■ PROBLEM STATEMENT
Retyping should cover only the lines from the one containing "- Cầu nâng trụ" through the final line of the records, with pictures omitted.

### THE INPUT

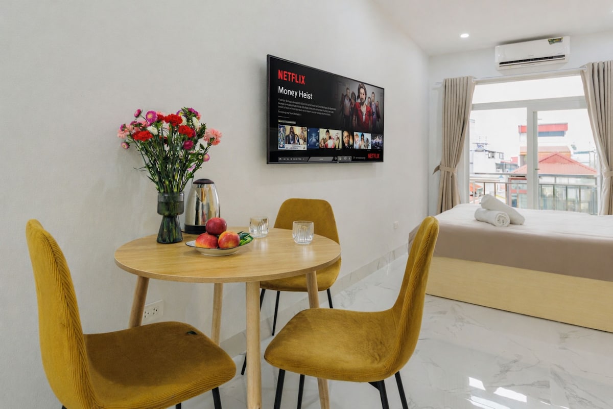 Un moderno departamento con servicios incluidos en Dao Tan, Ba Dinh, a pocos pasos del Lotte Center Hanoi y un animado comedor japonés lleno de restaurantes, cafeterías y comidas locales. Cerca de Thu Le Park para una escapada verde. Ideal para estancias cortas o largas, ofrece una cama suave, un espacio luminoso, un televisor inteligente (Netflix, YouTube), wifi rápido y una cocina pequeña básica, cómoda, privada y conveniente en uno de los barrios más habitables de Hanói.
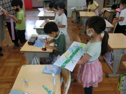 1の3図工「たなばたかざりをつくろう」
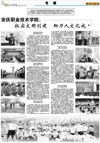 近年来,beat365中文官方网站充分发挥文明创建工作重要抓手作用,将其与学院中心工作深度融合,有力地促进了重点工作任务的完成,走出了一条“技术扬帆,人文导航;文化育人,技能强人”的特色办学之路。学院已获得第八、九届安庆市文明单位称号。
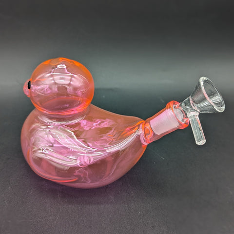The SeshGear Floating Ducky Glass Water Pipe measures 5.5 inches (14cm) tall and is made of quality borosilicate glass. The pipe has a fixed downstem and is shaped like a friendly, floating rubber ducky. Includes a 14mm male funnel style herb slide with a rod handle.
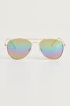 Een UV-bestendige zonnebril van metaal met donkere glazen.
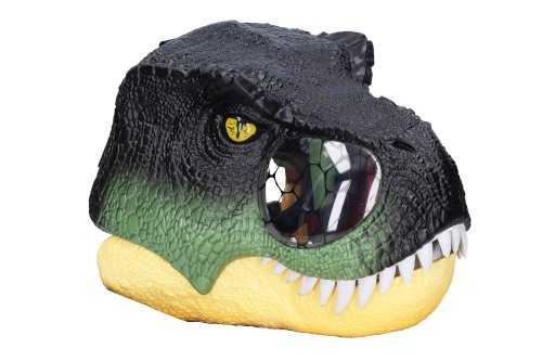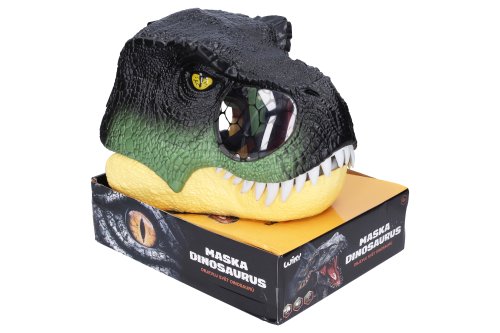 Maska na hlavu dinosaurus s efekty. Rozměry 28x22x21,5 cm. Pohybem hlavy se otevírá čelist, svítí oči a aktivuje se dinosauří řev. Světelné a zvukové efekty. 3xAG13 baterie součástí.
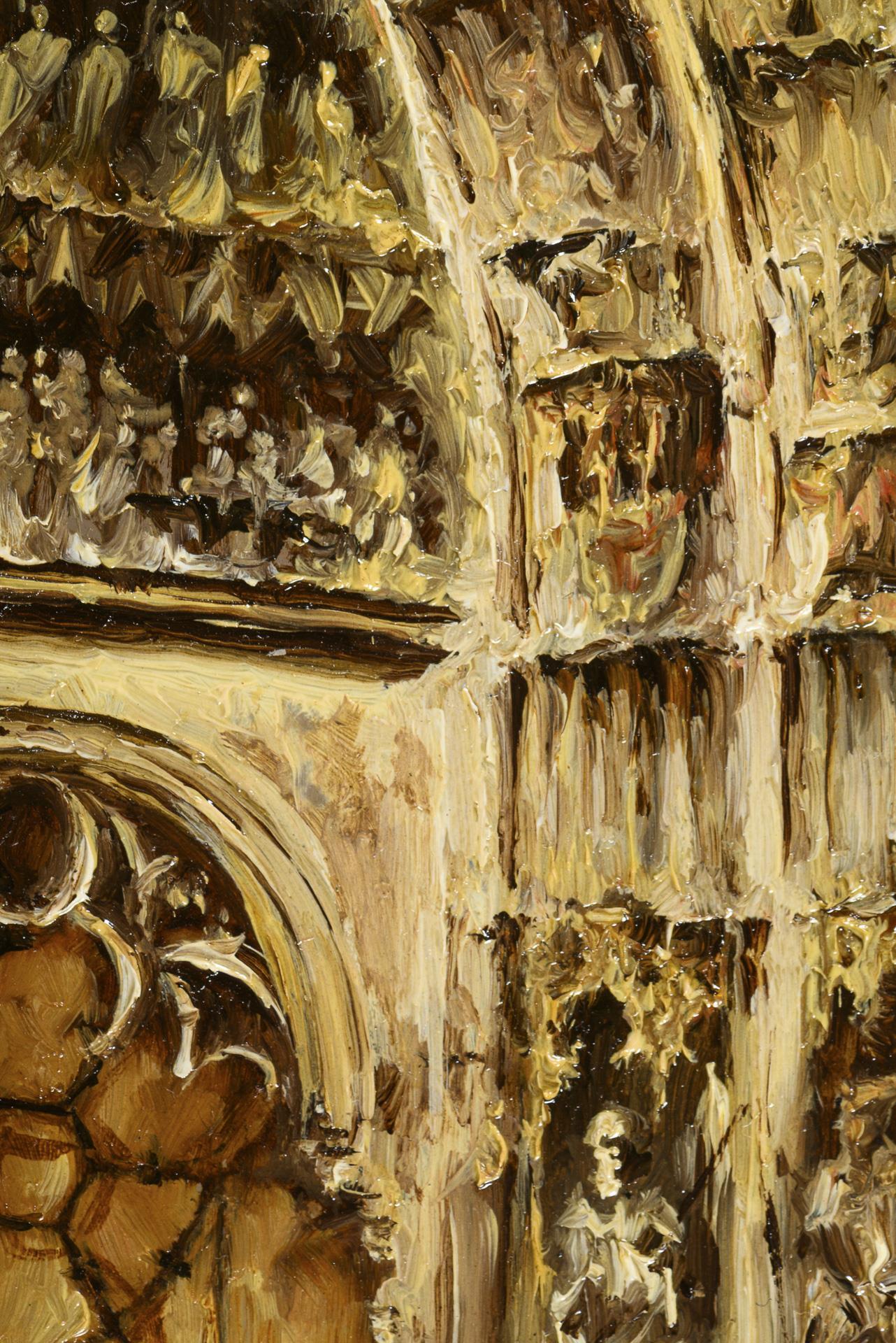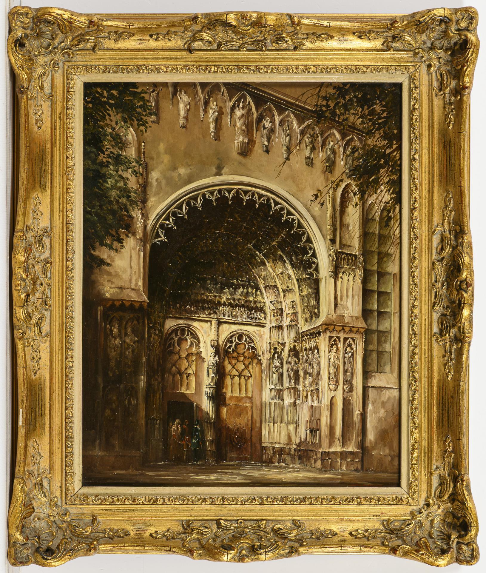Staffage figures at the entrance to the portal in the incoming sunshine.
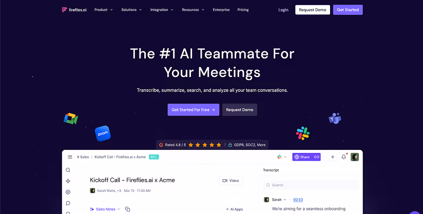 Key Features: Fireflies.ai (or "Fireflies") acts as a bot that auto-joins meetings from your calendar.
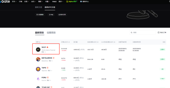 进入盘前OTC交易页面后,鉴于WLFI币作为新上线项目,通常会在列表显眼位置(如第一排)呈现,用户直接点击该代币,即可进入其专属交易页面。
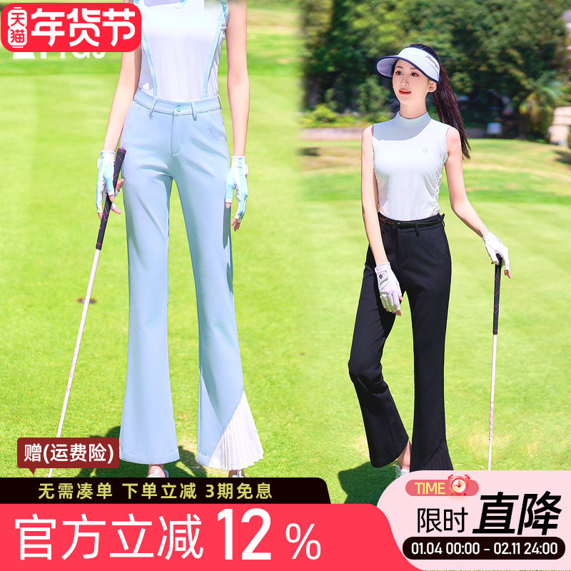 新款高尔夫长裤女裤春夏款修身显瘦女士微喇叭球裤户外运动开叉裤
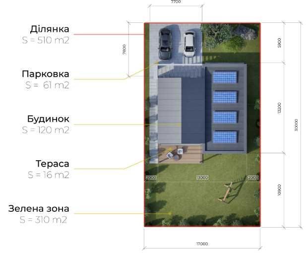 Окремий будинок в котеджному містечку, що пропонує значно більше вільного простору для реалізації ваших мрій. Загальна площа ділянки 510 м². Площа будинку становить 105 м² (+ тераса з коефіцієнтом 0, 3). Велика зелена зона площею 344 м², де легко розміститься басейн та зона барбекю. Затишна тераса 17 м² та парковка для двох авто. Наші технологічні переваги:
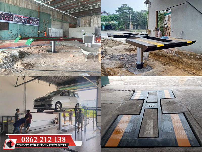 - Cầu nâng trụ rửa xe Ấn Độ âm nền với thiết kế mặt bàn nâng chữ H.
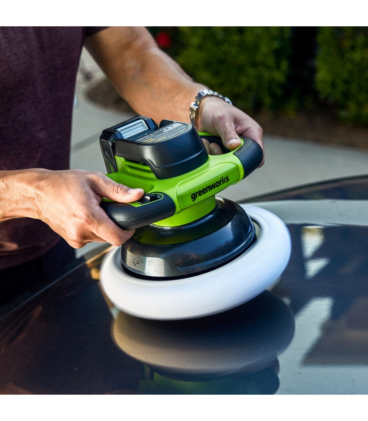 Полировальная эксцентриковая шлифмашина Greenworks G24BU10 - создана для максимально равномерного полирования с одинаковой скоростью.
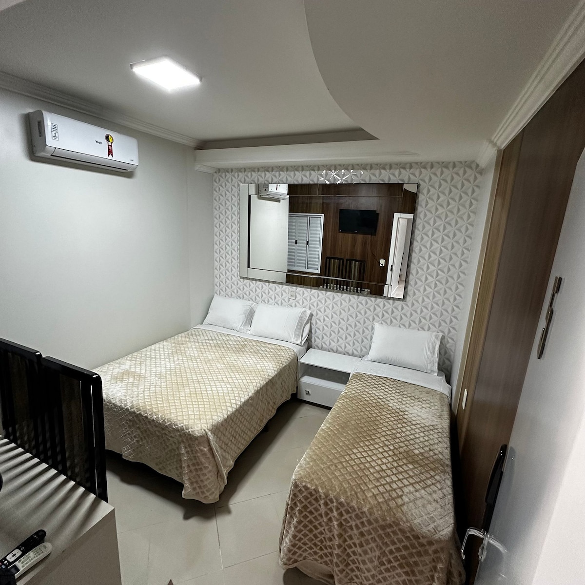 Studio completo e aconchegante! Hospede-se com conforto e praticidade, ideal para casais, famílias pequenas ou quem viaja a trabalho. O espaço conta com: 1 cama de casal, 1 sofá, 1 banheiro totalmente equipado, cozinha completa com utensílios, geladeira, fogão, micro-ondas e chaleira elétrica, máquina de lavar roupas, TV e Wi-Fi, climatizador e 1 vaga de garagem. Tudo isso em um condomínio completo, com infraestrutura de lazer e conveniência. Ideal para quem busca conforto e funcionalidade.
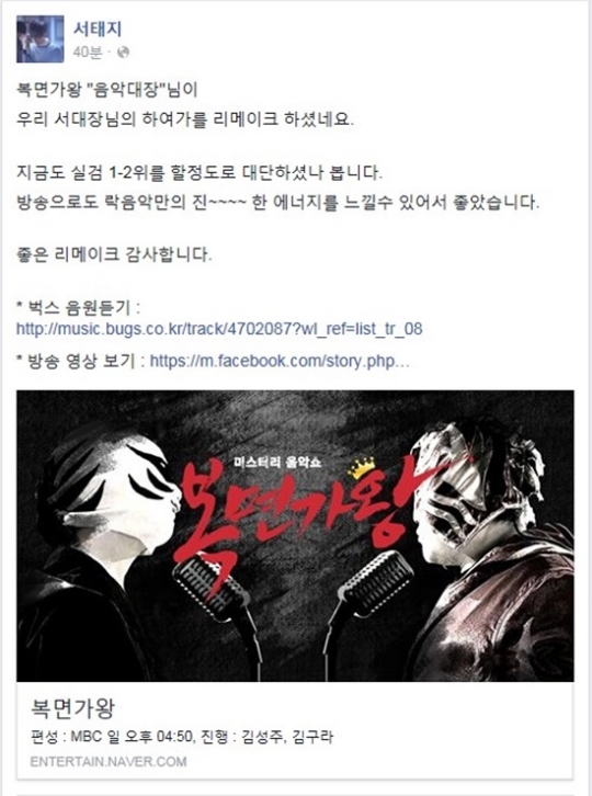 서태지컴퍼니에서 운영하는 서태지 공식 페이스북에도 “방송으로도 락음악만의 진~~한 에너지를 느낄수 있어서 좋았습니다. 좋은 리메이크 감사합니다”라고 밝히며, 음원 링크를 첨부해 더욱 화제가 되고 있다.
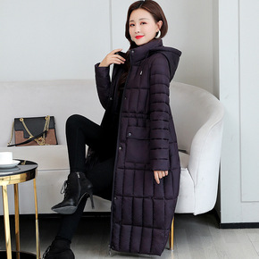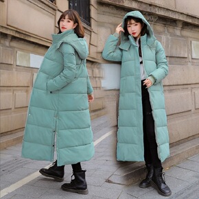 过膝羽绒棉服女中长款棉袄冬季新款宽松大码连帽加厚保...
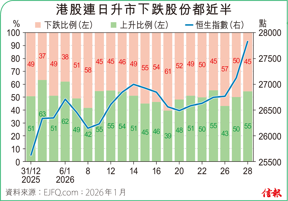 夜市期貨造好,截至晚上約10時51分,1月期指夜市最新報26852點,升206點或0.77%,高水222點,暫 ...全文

######

■ THE ANSWER
 - Cầu nâng trụ rửa xe Ấn Độ âm nền với thiết kế mặt bàn nâng chữ H.
 Полировальная эксцентриковая шлифмашина Greenworks G24BU10 - создана для максимально равномерного полирования с одинаковой скоростью.
 Studio completo e aconchegante! Hospede-se com conforto e praticidade, ideal para casais, famílias pequenas ou quem viaja a trabalho. O espaço conta com: 1 cama de casal, 1 sofá, 1 banheiro totalmente equipado, cozinha completa com utensílios, geladeira, fogão, micro-ondas e chaleira elétrica, máquina de lavar roupas, TV e Wi-Fi, climatizador e 1 vaga de garagem. Tudo isso em um condomínio completo, com infraestrutura de lazer e conveniência. Ideal para quem busca conforto e funcionalidade.
 서태지컴퍼니에서 운영하는 서태지 공식 페이스북에도 “방송으로도 락음악만의 진~~한 에너지를 느낄수 있어서 좋았습니다. 좋은 리메이크 감사합니다”라고 밝히며, 음원 링크를 첨부해 더욱 화제가 되고 있다.
 过膝羽绒棉服女中长款棉袄冬季新款宽松大码连帽加厚保...
 夜市期貨造好,截至晚上約10時51分,1月期指夜市最新報26852點,升206點或0.77%,高水222點,暫 ...全文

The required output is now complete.